Yah! A happy ending!


----------



## Tom (Sep 10, 2010)

Great news! Congrats and good job.


----------



## Isa (Sep 10, 2010)

Wow Jessica, I am so happy they are doing good!! You did an amazing job with them! 
Thanks for the update


----------



## Yvonne G (Sep 10, 2010)

That is such good news. Beginner keepers usually have a pretty hard time keeping hatchlings alive, and here you are, keeping and growing them. Not only alive, but seemingly thriving! Great news about Heidi.
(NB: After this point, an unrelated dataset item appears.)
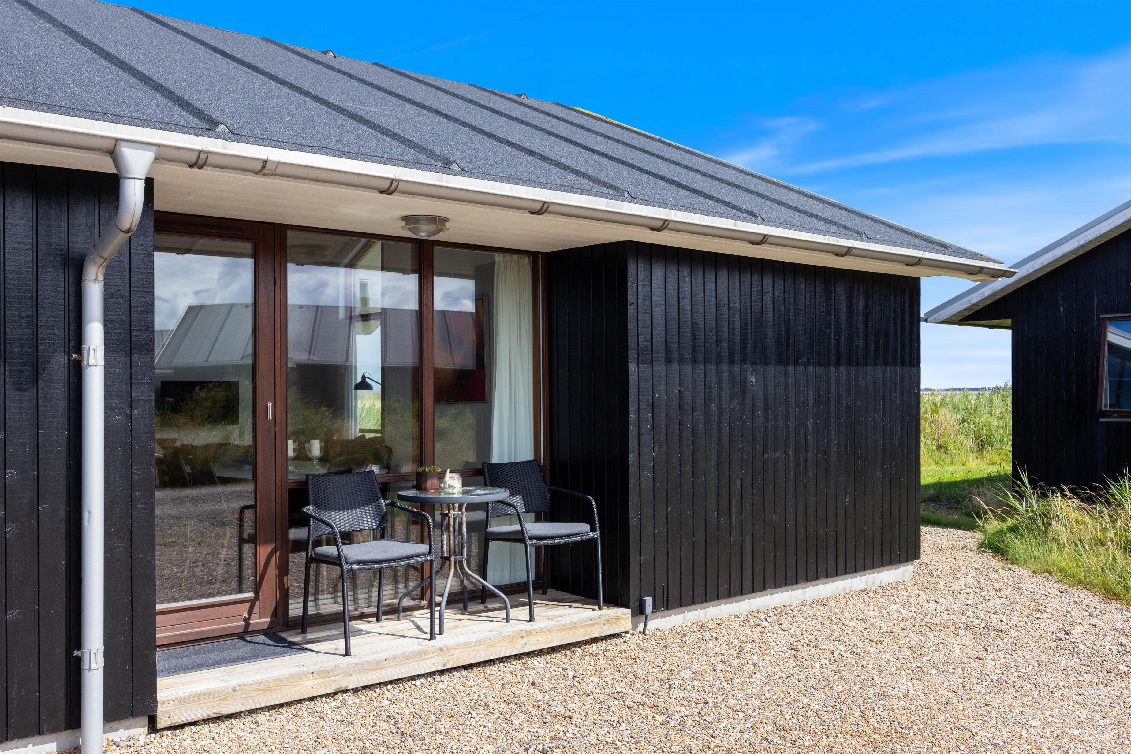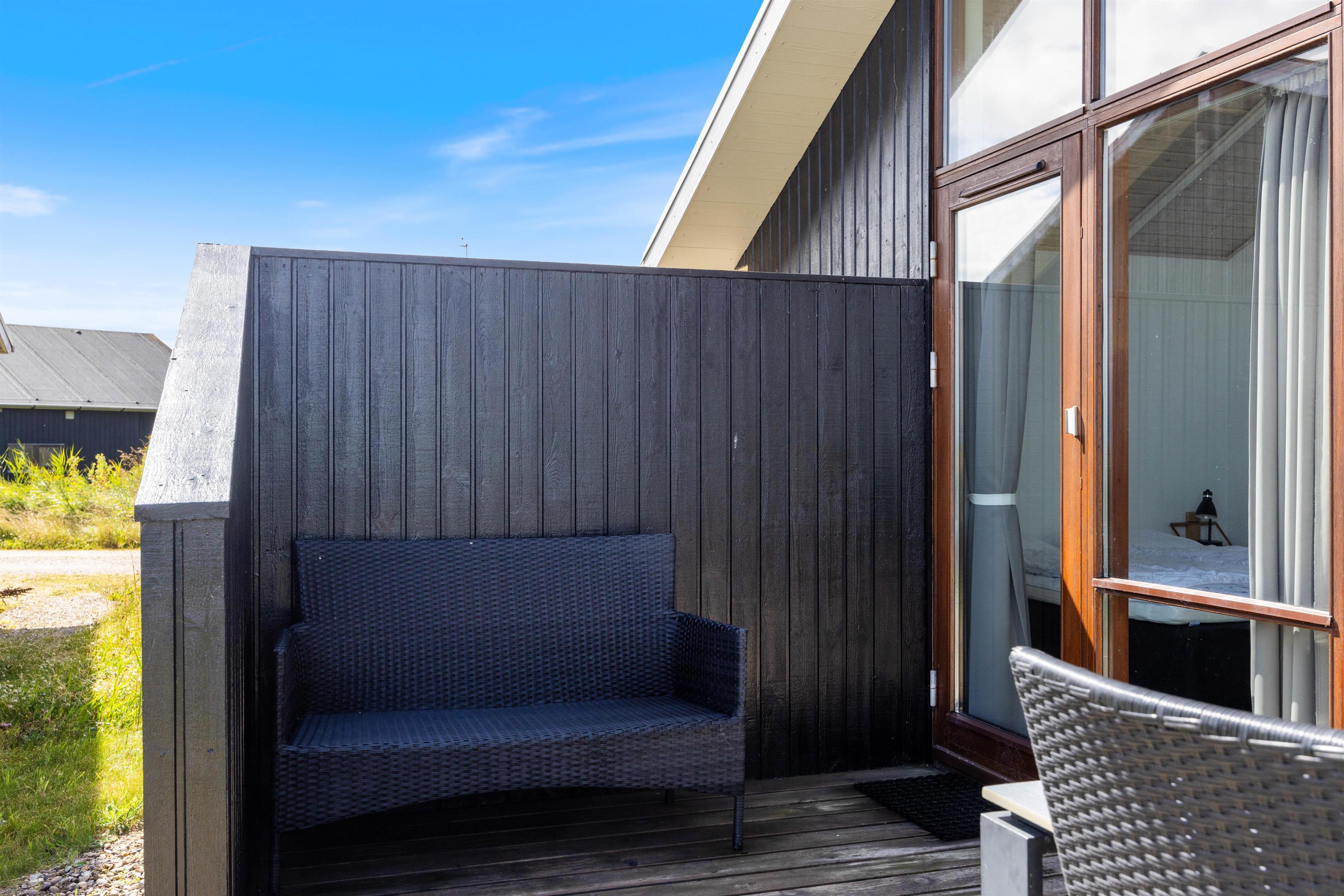 Fra stuen har i direkte udgang til sommerhusets åbne og overdækket terrasse. Her kan I læne jer tilbage i havemøblerne, eller ligge på solsengene og slappe helt af og nyde den gode udsigt til vandet. Om aftenen har I mulighed for at tænde op i grillen, og nyde et lækkert grillmåltid.

I hope she continues on this path.

Oh...and...another story about soaking in baby food that keeps the little guys alive!! Take that! mythbusters!!!


----------



## terryo (Sep 10, 2010)

This is wonderful news! I can't get over the difference in those babies. Gread job!!!!


----------



## jmu114 (Sep 11, 2010)

Thanks everyone.

We did everything we learned from the forum: carrot soaks, avian vitamin, reptile calcium, vet visits (1 calcium shot), hand-feeding Heidi and building her a separate enclosure, mazuri, environment monitoring....and love.

We gave them lots of love and we are very proud of the end result. =p


----------



## ChiKat (Sep 11, 2010)

I'm so glad the little ones are thriving  You have done a wonderful job with them!


----------



## Angi (Sep 11, 2010)

Yae for you and your torts! I love DTs. So I think you are lucky to have 3


----------